From the data that follows, set down exactly the lines from the one with "Assaisonnez avec une" through the one with "Die mattschwarze Silikon-Handyhülle", counting both. Pictures stay out.

Records to use:
+++
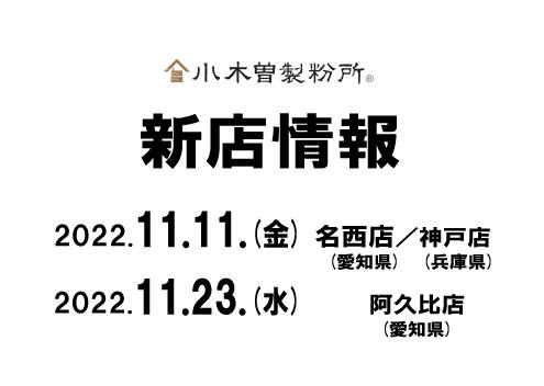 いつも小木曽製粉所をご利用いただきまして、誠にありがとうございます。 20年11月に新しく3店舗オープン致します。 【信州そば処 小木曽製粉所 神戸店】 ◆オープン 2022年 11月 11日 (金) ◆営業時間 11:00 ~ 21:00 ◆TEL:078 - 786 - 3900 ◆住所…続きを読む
+++
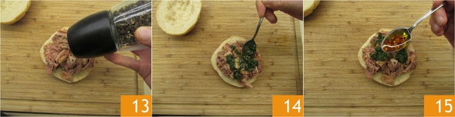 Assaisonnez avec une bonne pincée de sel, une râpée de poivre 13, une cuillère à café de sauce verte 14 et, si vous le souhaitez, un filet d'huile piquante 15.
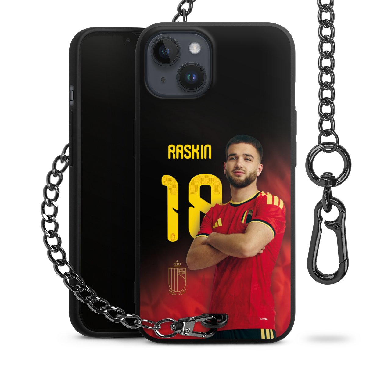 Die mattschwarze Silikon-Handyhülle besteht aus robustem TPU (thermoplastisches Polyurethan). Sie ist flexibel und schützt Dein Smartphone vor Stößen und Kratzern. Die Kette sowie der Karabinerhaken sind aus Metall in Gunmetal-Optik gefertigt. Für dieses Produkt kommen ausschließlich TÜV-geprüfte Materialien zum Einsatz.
+++
Exercise response:
 Assaisonnez avec une bonne pincée de sel, une râpée de poivre 13, une cuillère à café de sauce verte 14 et, si vous le souhaitez, un filet d'huile piquante 15.
 Die mattschwarze Silikon-Handyhülle besteht aus robustem TPU (thermoplastisches Polyurethan). Sie ist flexibel und schützt Dein Smartphone vor Stößen und Kratzern. Die Kette sowie der Karabinerhaken sind aus Metall in Gunmetal-Optik gefertigt. Für dieses Produkt kommen ausschließlich TÜV-geprüfte Materialien zum Einsatz.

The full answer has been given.